The US president himself has accused Venezuela of taking “all of our oil” and said: “we want it back.”
What we know:
- Oil ties -
Companies from the United States, now the world’s leading oil producer, have pumped Venezuelan crude from the first discoveries there in the 1920s.
Many US refineries were designed, and are still geared, specifically for processing the kind of heavy crude Venezuela has in spades.
Until 2005, Venezuela was one of the main providers of oil to the United States, with some monthly totals reaching up to 60 million barrels.
Things changed dramatically after socialist leader Hugo Chavez took steps in 2007 to further nationalize the industry, seizing assets belonging to US firms.
- And now? -
Down from a peak of more than three million barrels per day (bpd) in the early 2000s, Venezuela today produces about a million barrels per day — roughly two percent of the global total.
US firm Chevron extracts about 10 percent of the total under a special license.
Chevron is the only company authorized to ship Venezuelan oil to the United States — an estimated 200,000 barrels per day, according to a Venezuelan oil sector source.
The South American country’s domestic industry has declined sharply due to corruption, under-investment and US sanctions in place since 2019.
Analysts say the high investment required to rebuild Venezuela’s crumbling oil rigs would be unappetizing for US firms, given the steady global supply and low prices.
According to Carlos Mendoza Potella, a Venezuelan professor of petroleum economics, Washington’s actions were likely “not just about oil” but rather about the United States “claiming the Americas for itself.”
“It’s about the division of the world” between the United States and its rivals, Russia and China,” he added.
Venezuela exports about 500,000 barrels per day on the black market, mainly to China and other Asian countries, according to Juan Szabo, a former vice president of state oil company PDVSA.
- Blockade -
Trump on December 16 announced a blockade of sanctioned oil vessels sailing to and from Venezuela.
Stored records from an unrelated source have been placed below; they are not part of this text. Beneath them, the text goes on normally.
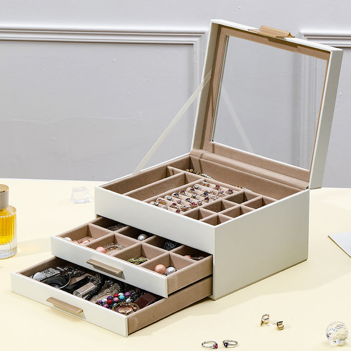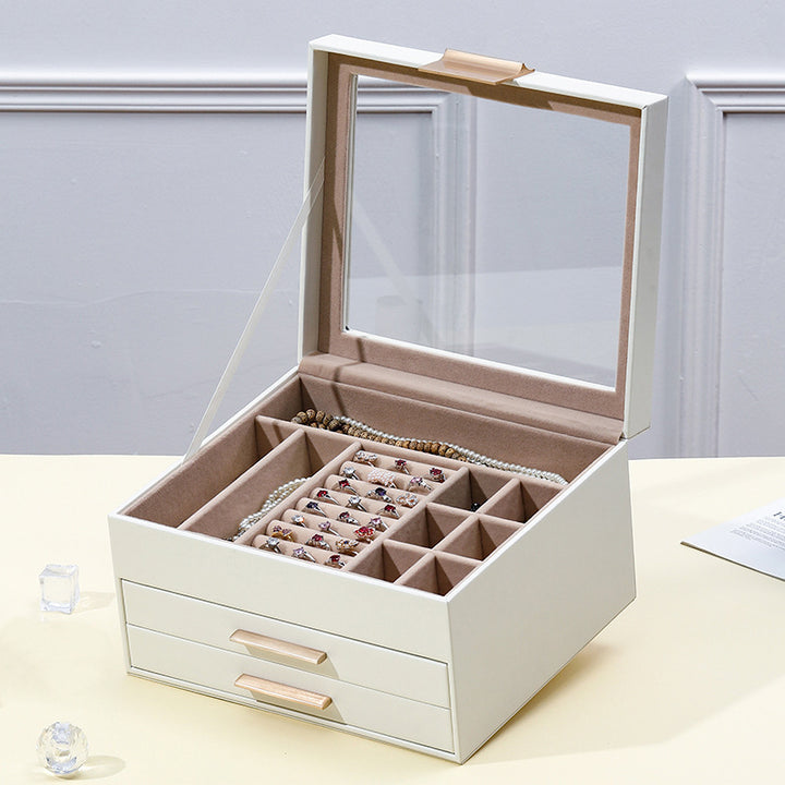 Usajoyen 2-Layer Jewelry Box with Glass Lid, 1 Drawer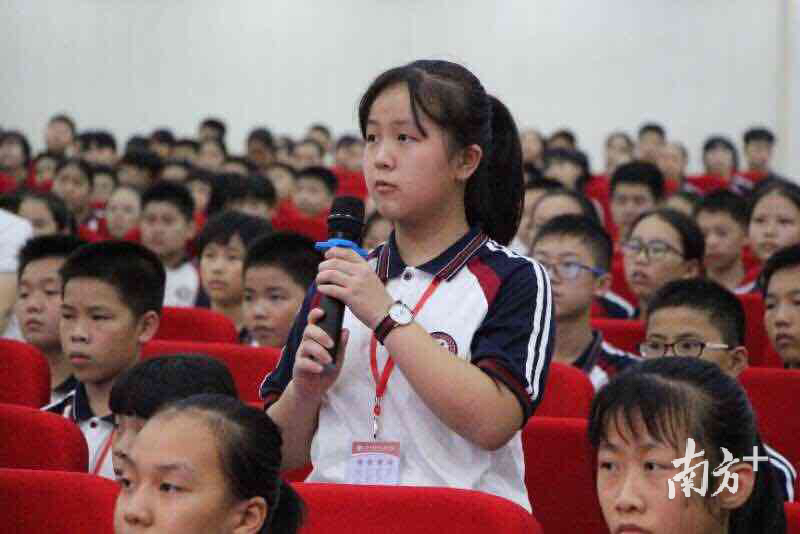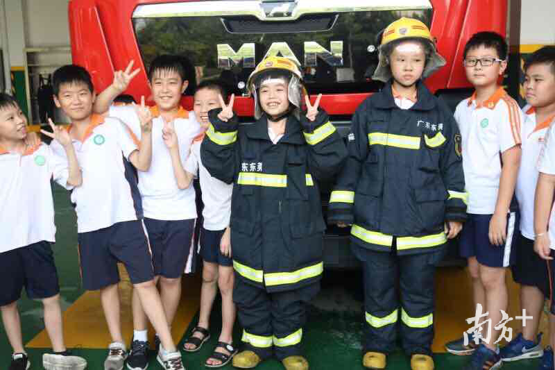 “如果手指被夹到要用哪个工具?”、“被困在电梯里要怎么办?”大朗消防大队教员一一作出解答。师生们近距离接触消防车,共同感受“出车”体验。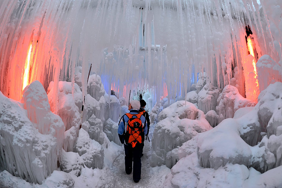 近日,瑞士藝術家卡爾豪斯在瑞士黑湖附近的弗里堡修建了一座美侖美奐的冰宮,令眾多游客流連忘返。圖片來源:中國新聞網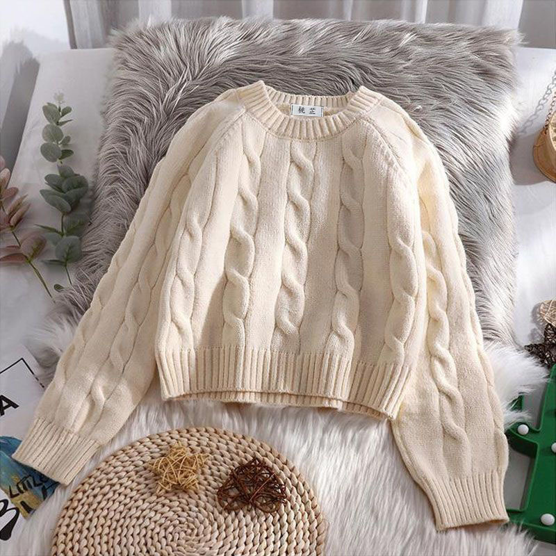 | nameOriginal | Japanese Style Short Sweater Women's Pullover 2024 Autumn New Loose Western Style Twist High Waist Sweater Top for Outer Wear |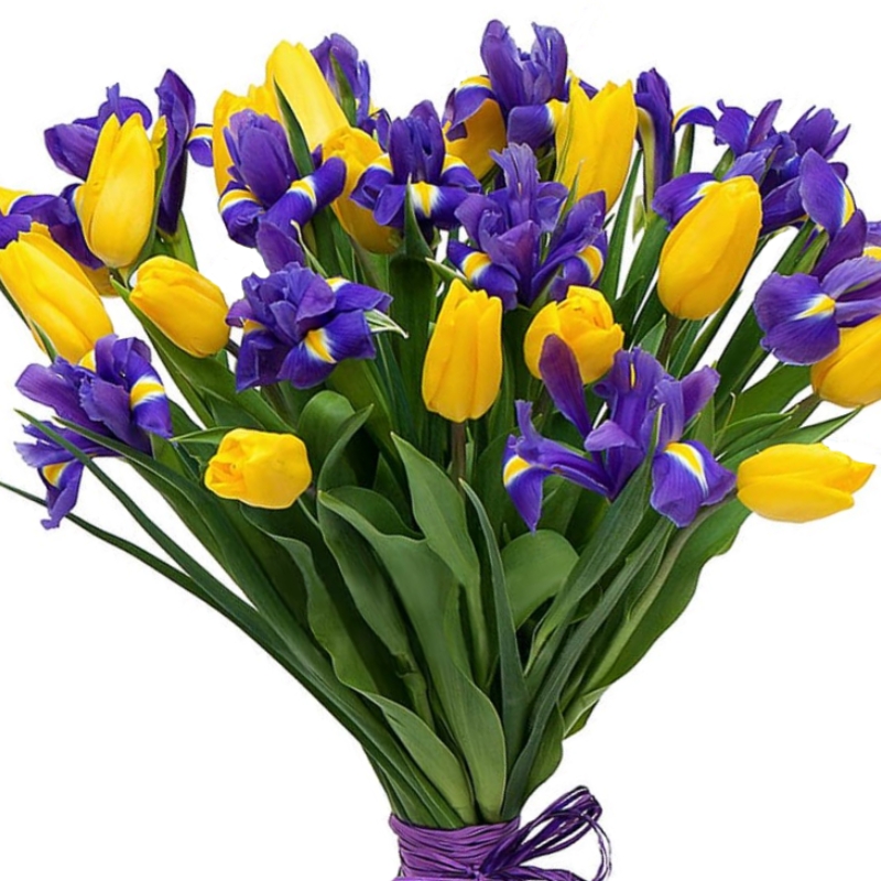 Букет состоит из 15 желтых тюльпанов, 16 ирисов, прозрачная упаковка, атласная лента.

Days earlier, US forces seized the M/T Skipper, a so-called “ghost” tanker transporting over a million barrels of Venezuelan oil, reportedly destined for Cuba.
Washington has said it intends to keep the oil, valued at between $50 and $100 million.
Over the weekend, the US Coast Guard seized the Centuries, identified by monitoring site TankerTrackers.com as a Chinese-owned and Panama-flagged tanker.
An AFP review did not find the Centuries on the US Treasury Department’s sanctions list, but the White House said it “contained sanctioned PDVSA oil” — some 1.8 million barrels of it.
On Sunday, officials said the Coast Guard was pursuing a third tanker, identified by news outlets as the Bella 1 — under US sanctions because of alleged ties to Iran.
The PDVSA insists its exports remain unaffected by the blockade.
This was critical, according to Szabo, as the company only has capacity to store oil for several days if exports stop.
- Impact -
Whatever Trump’s goal with Venezuelan oil, the blockade, if it continues, is likely to scare off shipping companies and push up freight rates.
Szabo expects Venezuela’s oil exports will fall by nearly half in the coming months, slashing critical foreign currency income from Venezuela’s black market sales.
This would asphyxiate the already struggling economy of Venezuela, piling more pressure on Nicolas Maduro.
The Trump administration has tip-toed around explicitly demanding for Maduro to leave.
While Trump has said he does not anticipate “war” with Venezuela, he did say Maduro’s days “are numbered.”
US Homeland Security Secretary Kristi Noem told Fox News on Monday that the oil tanker seizures send “a message around the world that the illegal activity that Maduro’s participating in cannot stand, he needs to be gone.”